In 1884 he published his second work, the pastiche The Anatomy of Tobacco, and secured work with the publisher and bookseller George Redway as a cataloguer and magazine editor. This led to further work as a translator from French, translating the Heptameron of Marguerite de Navarre, Le Moyen de Parvenir (Fantastic Tales) of Béroalde de Verville, and the Memoirs of Casanova. Machen's translations in a spirited English style became standard ones for many years.

Around 1890 Machen began to publish in literary magazines, writing stories influenced by the works of Robert Louis Stevenson, some of which used gothic or fantastic themes. This led to his first major success, The Great God Pan. It was published in 1894 by John Lane in the noted Keynotes Series, which was part of the growing aesthetic movement of the time. Machen's story was widely denounced for its sexual and horrific content and subsequently sold well, going into a second edition.

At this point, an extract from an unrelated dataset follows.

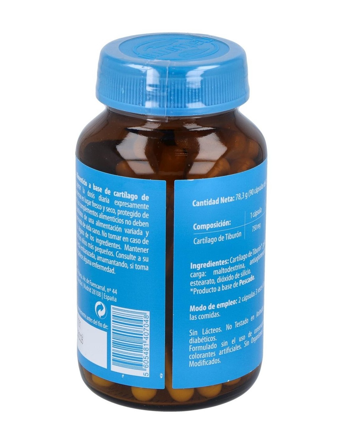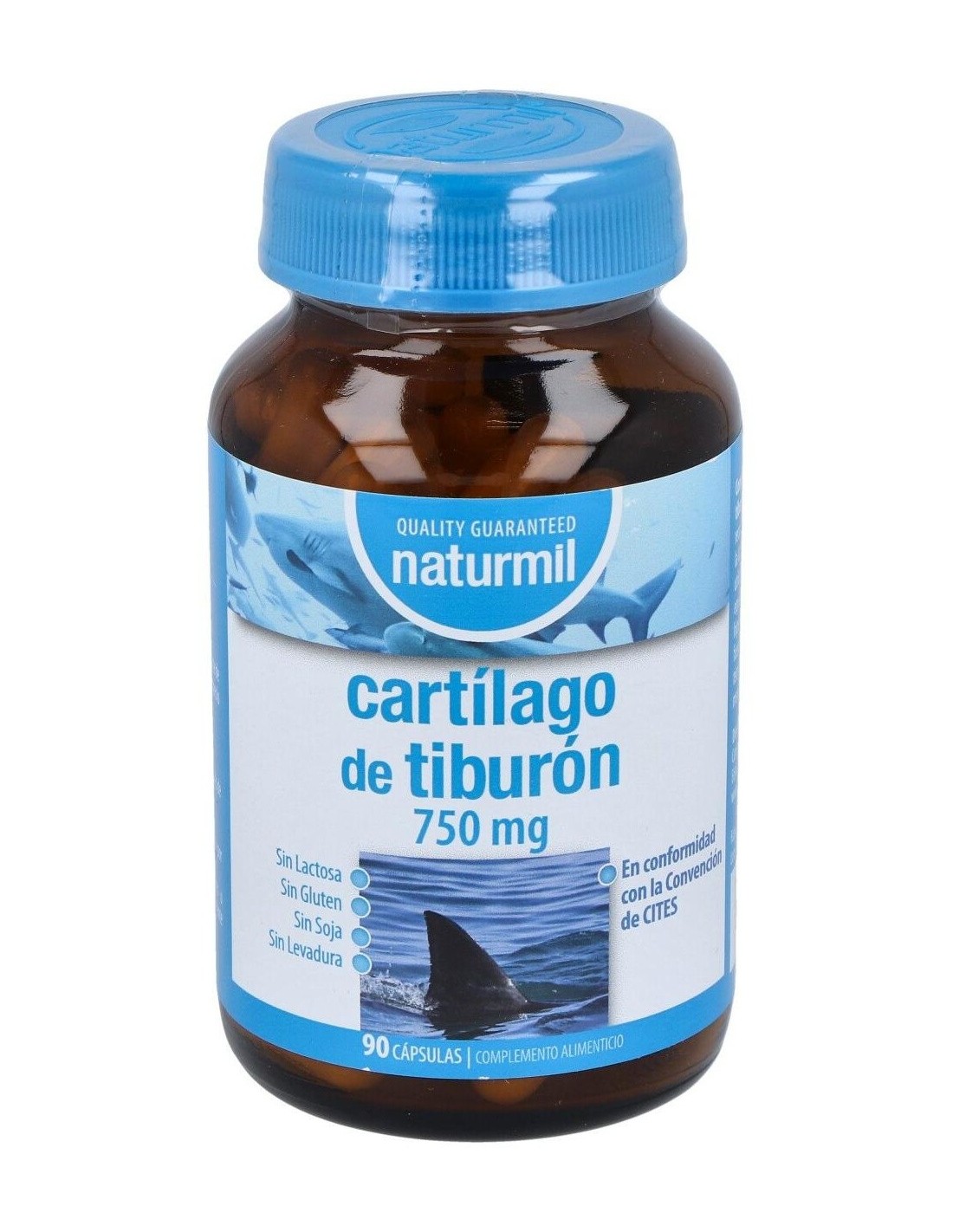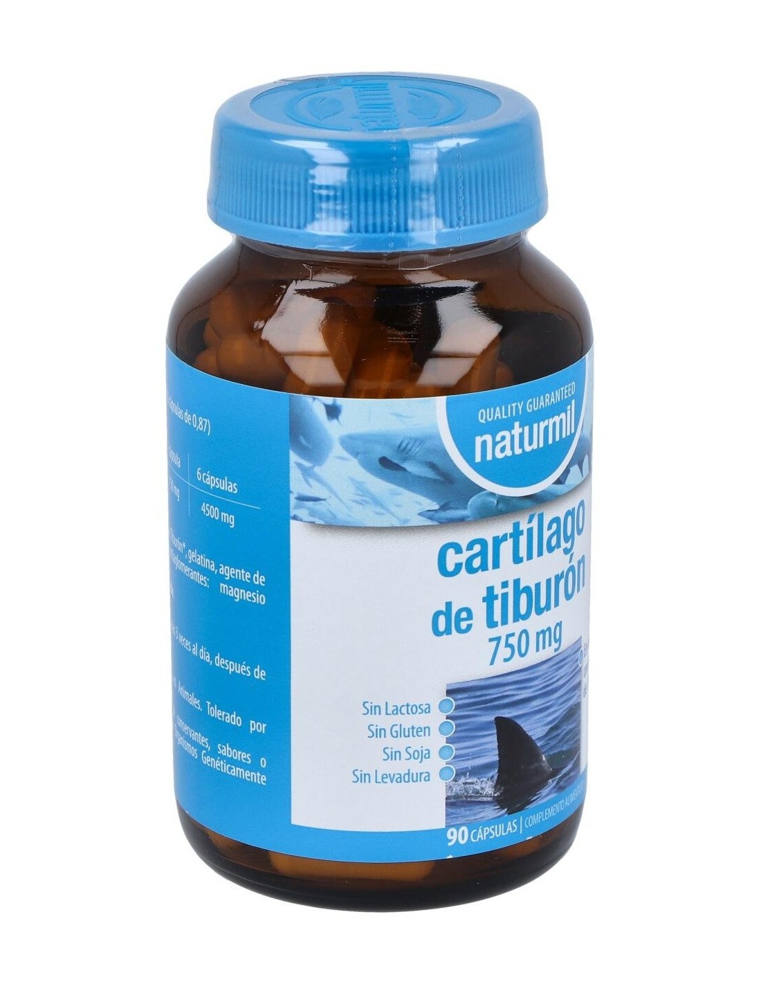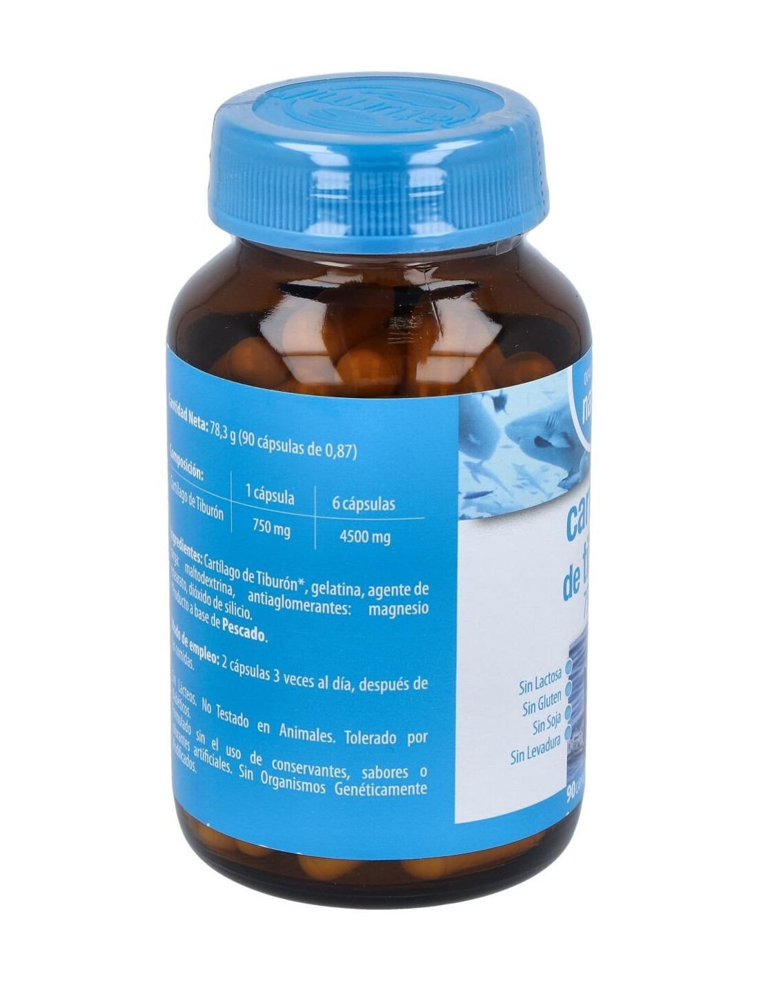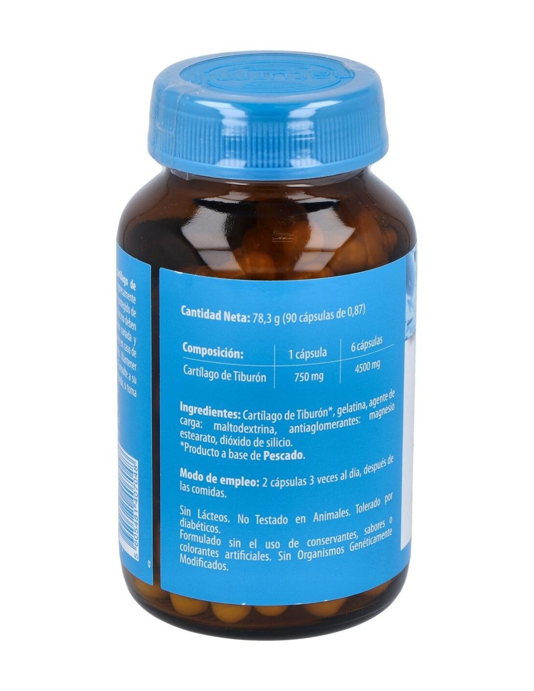 - Cada cápsula contiene 750 mg de cartílago de tiburón, facilitando una dosificación práctica y constante.

Machen next produced The Three Impostors, a novel composed of a number of interwoven tales, in 1895. The novel and the stories within it were eventually to be regarded as among Machen's best works. However, following the scandal surrounding Oscar Wilde later that year, Machen's association with works of decadent horror made it difficult for him to find a publisher for new works. Thus, though he would write some of his greatest works over the next few years, some were published much later. These included The Hill of Dreams, Hieroglyphics, A Fragment of Life, the story The White People, and the stories which make up Ornaments in Jade.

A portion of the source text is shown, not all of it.